━━━━━ MATERIAL SHOWN
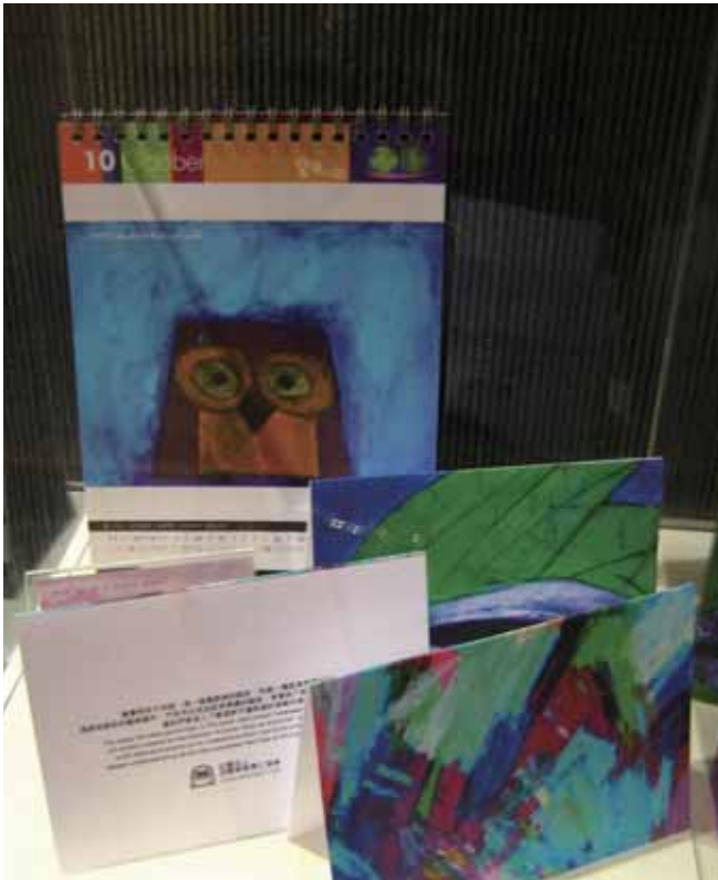
圖2 How Much I Love You ? 卡片

由精工打造的一把心型鑰匙項鍊，及手戒，其獨特外型是一特點，具象徵著肯納兒也象徵我們，我們期待進入肯納兒的內心，窺探與眾不同的世界，也開啟我們的心胸。他們（肯納兒）內心與外在的溝通管道並不如一般人那樣，簡單的言語表情卻可表達出直接的感受，而是透過其他不同的符碼去解讀，
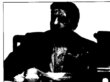
▲ محسن بهرامی، سهمیه واردات به مناطق آزاد رعایت نمی‌شود.

در این رابطه، محسن بهرامی، معاون سابق وزیر بازرگانی می‌گوید: قانون هر چند که هیچ حد و مرزی را برای واردات کالا به مناطق آزاد قایل نشده، اما سهمیه‌ای را برای واردات مجاز دانسته است که به دلیل نبود نظارت کنترلی بر واردات، برخی مواقع این سهمیه رعایت نمی‌شود.
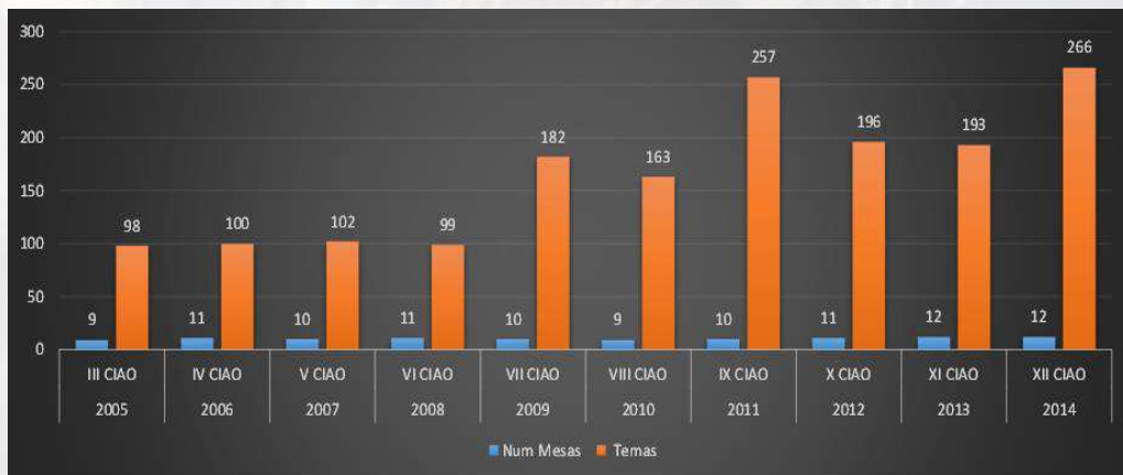
Gráfico 3. Número de mesas de trabajo y número de temas por año y por congreso CIAO 2005-2014

Congreso CIAO. En la gráfica 3, se muestra tanto el número de mesas por congreso como la cantidad de temas o investigaciones que se presentaron en cada mesa, cabe mencionar que el análisis realizado fue del 2005 al 2014, ya que en la página solo se presenta la información de dicho periodo, es decir a partir del tercer congreso y hasta el décimo segundo. Destaca que el noveno congreso en el año 2011 y el décimo segundo en el 2014, son los que registran una mayor cantidad de participaciones de investigadores. Del 2005 al 2008, la participación era de 102 investigaciones, lo cual puede llevarnos a analizar los motivos de esta escasa participación, sin embargo, éste tema puede quedar pendiente para una segunda fase del presente trabajo.
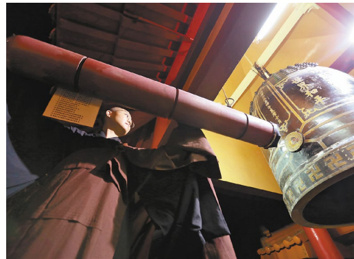
寺院的「晨鐘暮鼓」等鐘板訊號，提醒修行人二六時中應當精進修行。圖為佛光山自開山以來，五十九年如一日，早晚聽到鐘鼓聲的來源處——佛光山叢林學院鐘鼓樓。
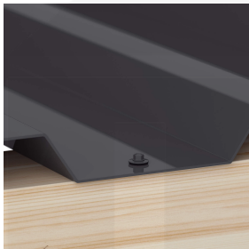
Befestigung in der Tiefsicke mit Schrauben (ca. 6 p/m 2 )

Nähere Informationen finden Sie in der Montageanleitung unter "Downloads".
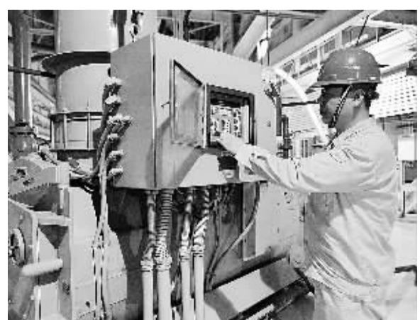
8月19日，工作人员在国华三河电厂1号机组检修维护运行设备。日前，该项目通过项目验收并实现投产，成为京津冀首台达到燃气机组排放标准的“近零排放”燃煤机组。

海关总署新闻发言人张广志透露，海关总署将联合国家邮政管理部门共同打击邮递、快件渠道进出口侵权违法行为，同时继续加强与公安、工商等部门的合作，强化源头治理。海关将加大与大型电子商务平台企业的合作力度，及时获取相关商品及交易信息，提高打击侵权违法的精准度。
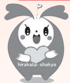
枚方市社協イメージキャラクター ひらっぴー

障害者週間は、障害者の理解を深め、障害者があらゆる分野の活動に積極的に参加していくことを啓発する週間です。障害のある人へのちょっとした配慮を考えてみてください。
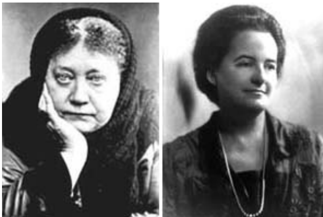
Links Helena Blavatsky, rechts Alice Baily.

Zoals christenen een naam hebben bij God, die geschreven staat in het Boek des Levens, zo zijn er ook mensen die een naam hebben in het rijk der duisternis. Zij krijgen vanuit die wereld allerlei gaven en occulte inspiratie toebedeeld en genieten een zekere 'bescherming' van hun 'Meesters' (demonen). Tot de meest bekende woordvoerders van de 'Meesters' behoren de eerder genoemde Alice Baily en Helena Blavatsky.
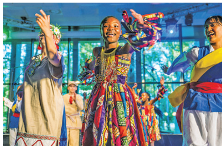
To był wielobarwny, niezwykle dynamiczny spektakl
━━━━━━━━━━
— WORK REQUIRED —
Reproduce exactly, and only, the lines that begin at the one containing "障害者週間は、障害者の理解を" and end with the final line of the data, both included, while omitting every picture.

— TASK RESPONSE —
障害者週間は、障害者の理解を深め、障害者があらゆる分野の活動に積極的に参加していくことを啓発する週間です。障害のある人へのちょっとした配慮を考えてみてください。
Links Helena Blavatsky, rechts Alice Baily.

Zoals christenen een naam hebben bij God, die geschreven staat in het Boek des Levens, zo zijn er ook mensen die een naam hebben in het rijk der duisternis. Zij krijgen vanuit die wereld allerlei gaven en occulte inspiratie toebedeeld en genieten een zekere 'bescherming' van hun 'Meesters' (demonen). Tot de meest bekende woordvoerders van de 'Meesters' behoren de eerder genoemde Alice Baily en Helena Blavatsky.
To był wielobarwny, niezwykle dynamiczny spektakl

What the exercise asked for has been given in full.